- Disappeared: 17 June 2023 (aged 31) Waratah, Tasmania, Australia
- Body discovered: 28 January – 8 February 2026

= Death of Celine Cremer =

2023 disappearance of Belgian hiker in Australia

Celine Cremer (13 June 1992 – c. June 2023) was a Belgian hiker who went missing while bushwalking near Philosopher Falls, near Waratah in north-west Tasmania, Australia, in June 2023. More than two years after police searches officially ended, a private search party formed in a joint effort between Cremer's family and YouTuber Rob Parsons discovered Cremer's cell phone, which led to other items believed to belong to her. A volunteer searcher found human remains believed to be that of Cremer on 28 January 2026; additional remains and Cremer's car keys were found by police the following week in the Arthur River. The remains were provisionally identified as Cremer's on 27 February.

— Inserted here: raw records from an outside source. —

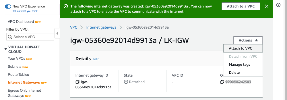 - Once the Internet Gateway is created, select “Attach to VPC”.
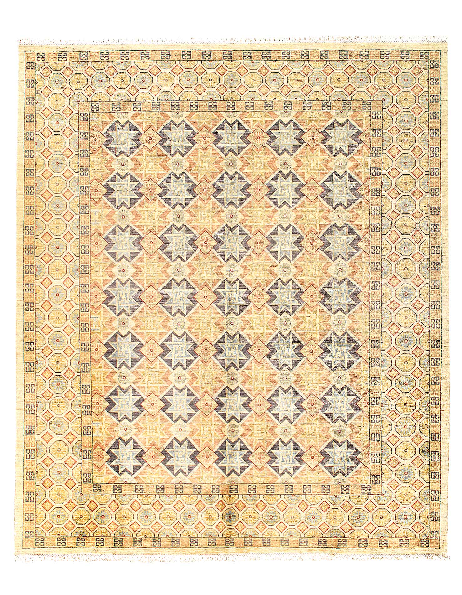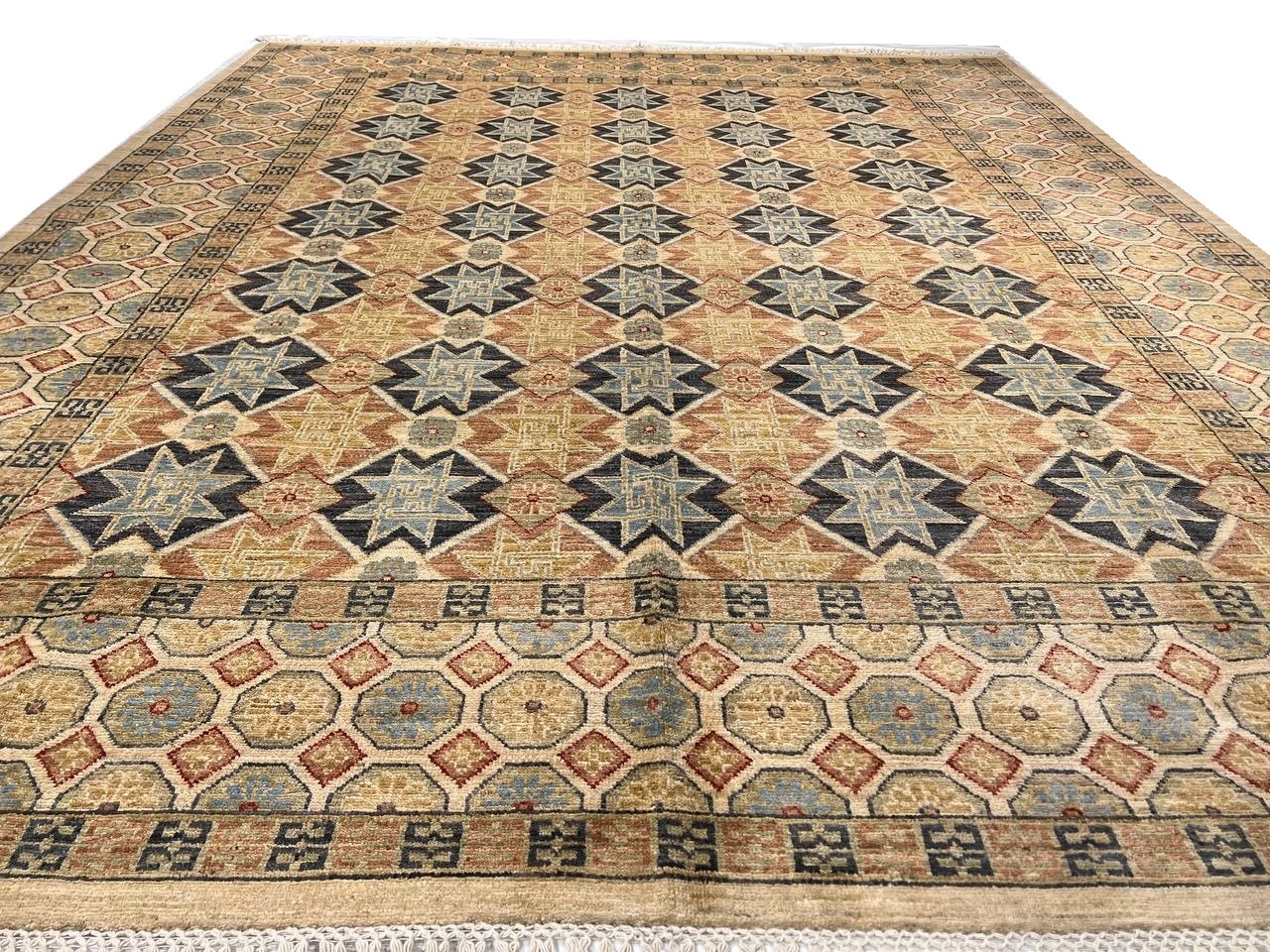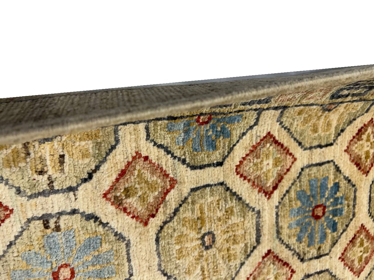 This rug is a unique piece of world art that will enhance your living space. These Khotan rugs were originally produced in the city of Khotan, which was located in Eastern Turkestan with 100% New Zealand Wool, the beautifully woven repetitive geometric and abstract designs evoke a sophisticated beauty that can't be matched.. Khotan villages produced beautiful rugs throughout the 18th and 19th centuries. The knot count is 250 TO 300. The pile height is 0.25 inches .
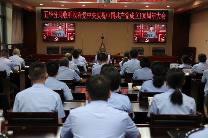 7月1日上午,庆祝中国共产党成立100周年大会在北京天安门广场隆重举行。中共中央总书记、国家主席、中央军委主席习近平发表重要讲话。昆明市公安局五华分局及各部门组织收听收看大会盛况。
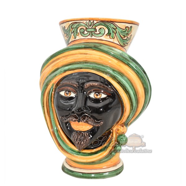 Testa h 30 corona liscia c/ornato verde/arancio maschio moro
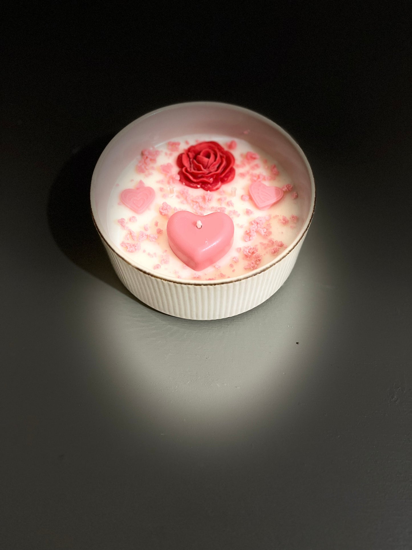 Offrez-vous un moment romantique avec notre magnifique pot blanc de 270 gr, décoré de coeurs et d'une fleur. Son doux parfum Kiss-Kiss / Rose d'Amour vous envoûtera pour une ambiance passionnée et luxueuse. Idéal pour une touche de sophistication dans votre espace de vie.

== Background and disappearance ==
Cremer had been living in Tasmania for six months, intending to relocate to Victoria the same week she disappeared. She was last seen on 17 June 2023, in Waratah, Tasmania. The initial search for her ended on 10 July 2023, after experts determined she could not have survived the inclement weather. Her white Honda CR-V was found near a trailhead at Philosopher Falls, a densely forested area around a river, on 27 June, and determined to have been there since 20 June. After the search was initially called off, one of Cremer's friends flew in from Belgium and joined the police with a cadaver dog for an additional search. The search was again suspended when the dog picked up no trace of Cremer. The search was extensive, involving professional search and rescue teams, drones, and helicopters.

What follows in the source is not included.